Pursuant to the merger agreement, fractional shares of Harrah’s common stock will not be issued. In lieu thereof, Caesars stockholders will receive cash based on the
average closing sale price for Harrah’s common stock for each of the ten consecutive trading days ending on June 10, 2005.
Harrah’s has been informed by The Bank of New York, the exchange agent for the merger, that immediately prior to the effective time of the merger, there were 314,824,170 shares of Caesars common stock outstanding. Of these shares:
• 307,059,463 of the shares, or 97.53%, elected to receive Harrah’s common stock; and
• 7,764,707 of the shares, or 2.47%, did not make a valid election and are deemed to have elected to receive cash.
Harrah’s Entertainment, Inc. is the world’s largest provider of branded casino entertainment.
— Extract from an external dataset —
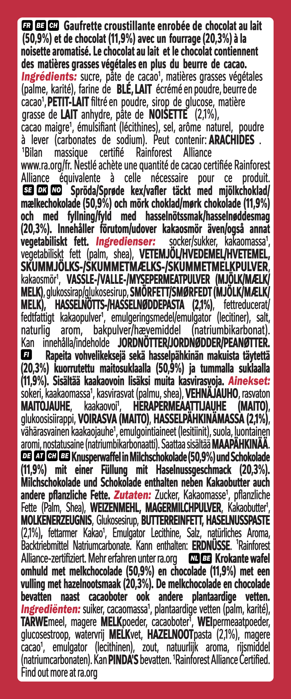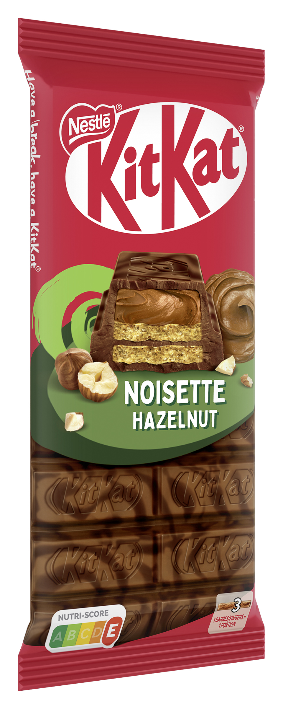 myTime Assortment Yes myTime Article Number 4502039924 myTime Product Title Nestlé Kitkat Tablet Hazelnut EAN 03800020491409 Material Number 12593933 Marke NESTLE Product Name NESTLE KITKAT Tablet Hazelnut 99g Net Content 99.000 Net Content UoM GRM Net Weight 99 Net Weight UoM GRM Artikel Höhe 152.000 Artikel Höhe UoM MMT Artikel Breite 72.000 Artikel Breite UoM MMT Artikel Länge 11.000 Artikel Länge UoM MMT Schlagwörter chocolate, food, kinder, kinderriegel, kinderschokolade, knusperriegel, nestle, süßigkeiten, box, chocolates, schokolade, süßigkeiten, süßigkeiten, süßigkeit, waffeln, snacks, süßigkeiten, chocolat, lebensmittel, süß, kat kit, studentenfutter, süßes, tafel, hazelnut Bezeichnung Knusperwaffel mit Milchschokolade (50,9%) und Schokolade (11,9%) mit einer Füllung mit Haselnussgeschmack (20,3%). Beschreibung Have a break, have a KITKAT Die neue KITKAT Tafel Hazelnut ist der ideale Snack für eine neue Art von Pause - ideal zum Teilen mit Freunden, alleine oder zu Hause. Seine einzigartige Kombination von leichter, knuspriger Waffel mit cremiger Haselnuss Füllung und leckerer marmorierter Schokolade macht die KITKAT Tafel zum idealen Pausensnack. Aber egal, ob man sie alleine oder gemeinsam genießt: eine entspannte Pause zu Hause mit der KITKAT Tafel Hazelnut lädt den Akku wieder auf. Die knusprig luftige Waffel mit cremiger Haselnuss-Füllung wird umhüllt von einer leckeren, marmorierten Schokolade. Diese Balance aus knusprig und zart schmeckt nicht nur großartig, sondern fühlt sich auch herrlich leicht an – also perfekt für Haselnuss-Fans und eine lässige Pause zwischendurch! Zutaten Zutaten: Zucker, Kakaomasse*, pflanzliche Fette (Palm, Shea), WEIZENMEHL, MAGERMILCHPULVER, Kakaobutter*, MOLKENERZEUGNIS, Glukosesirup, BUTTERREINFETT, HASELNUSSPASTE (2,1%), fettarmer Kakao*, Emulgator Lecithine, Salz, natürliches Aroma, Backtriebmittel Natriumcarbonate. Kann enthalten: ERDNÜSSE. *Rainforest Alliance-zertifiziert.

Since its beginning in Reno, Nevada 67 years ago, Harrah’s has grown through development of new properties, expansions and acquisitions. On June 13, 2005, Harrah’s Entertainment acquired Caesars Entertainment, Inc. and now owns or manages through various subsidiaries more than 40 casinos in three countries, primarily under the Harrah’s, Caesars and Horseshoe brand names. With nearly 4 million square feet of casino space, more than 40,000 hotel rooms and nearly 100,000 employees, the Harrah’s portfolio is the most diverse in the gaming industry. Harrah’s Entertainment is focused on building loyalty and value with its customers through a unique combination of great service, excellent products, unsurpassed distribution, operational excellence and technology leadership.
More information about Harrah’s is available at its Web site - www.harrahs.com.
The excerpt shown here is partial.